Assaults, break and enters and thefts have plummeted during the COVID-19 pandemic in the Hunter Region but drug use and possession has jumped, new figures show.
According to localised data from the NSW Bureau of Crime Statistics and Research, reports of domestic violence-related assault decreased in Newcastle-Lake Macquarie from 122 to 102 between March and April - down from 126 reports in April 2019. The Hunter Valley outside Newcastle experienced a similar drop in reports for the same period.
Non-domestic violence-related assaults also decreased in Newcastle-Lake Macquarie between March and April,from 146 cases to 79, while the Hunter Valley experienced a drop from 88 to 50 for the month-on-month period.
Reports of thefts from retail stores more than halved to 58 in Newcastle-Lake Macquarie, while break and enters at non-dwellings fell from 99 cases to 51.
Thefts from retail stores dropped by almost half to 34 in the Hunter Valley, while reports of stealing from motor vehicles went down from 103 to 62.
But the figures showed cases of drug possession and use were up across the region between March and April, with amphetamine possession or use more than tripling in the Hunter (20 to 67) and more than doubling in Newcastle-Lake Macquarie (23 to 47).
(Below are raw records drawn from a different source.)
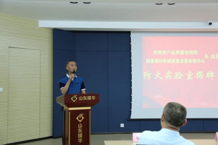 2021年8月9日下午,济南市产品质量检验院(国家建材机械质量检验中心)与山东耀华合作建立的防火实验室揭牌暨启用仪式在乐鱼网页版隆重举行。
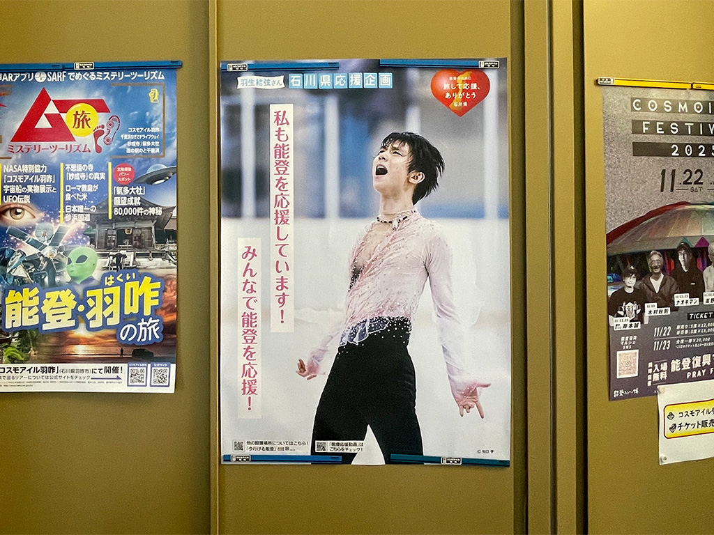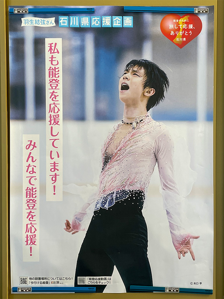 石川県内各地に羽生君のポスターが掲示されています
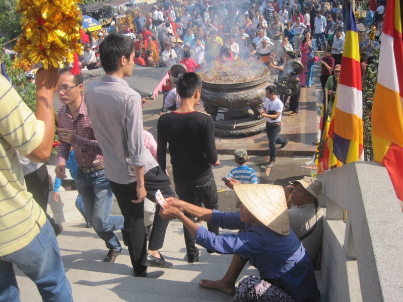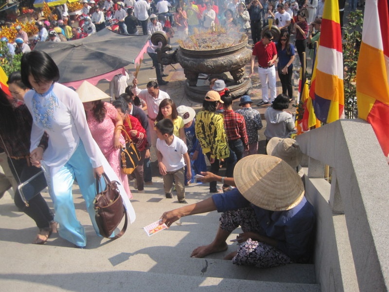 | Những người bán vé số níu chân người đi chùa mời mua. |
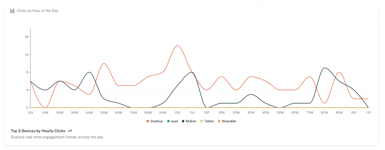 Hourly Clicks Trend: This metric helps you identify peak engagement times for each device type, allowing you to tailor your content strategy and optimize campaigns for specific platforms, whether it's mobile, desktop, tablet, or other devices.

Cannabis use and possession also jumped, with the data showing more than twice the number of cases in the Hunter Valley between March and April (35 to 85) and almost double in Newcastle-Lake Macquarie (32 to 56).
The figures show that cases in 34 of the 62 key crime categories dropped in the month-on-month period in Newcastle-Lake Macquarie, while 12 categories had increased reports and 16 had no change.
In the Hunter Valley, 26 decreased, 22 jumped and 14 did not change.
It comes after the bureau revealed last week that crime had plummeted across NSW while coronavirus restrictions were in place.
The bureau's executive director Jackie Fitzgerald said it was not surprising that the huge social upheaval brought-on by the pandemic disrupted criminal activity across the state.
"It also seems likely that, as restrictions are relaxed and NSW residents resume regular activities, crime rates will return to normal levels," she said.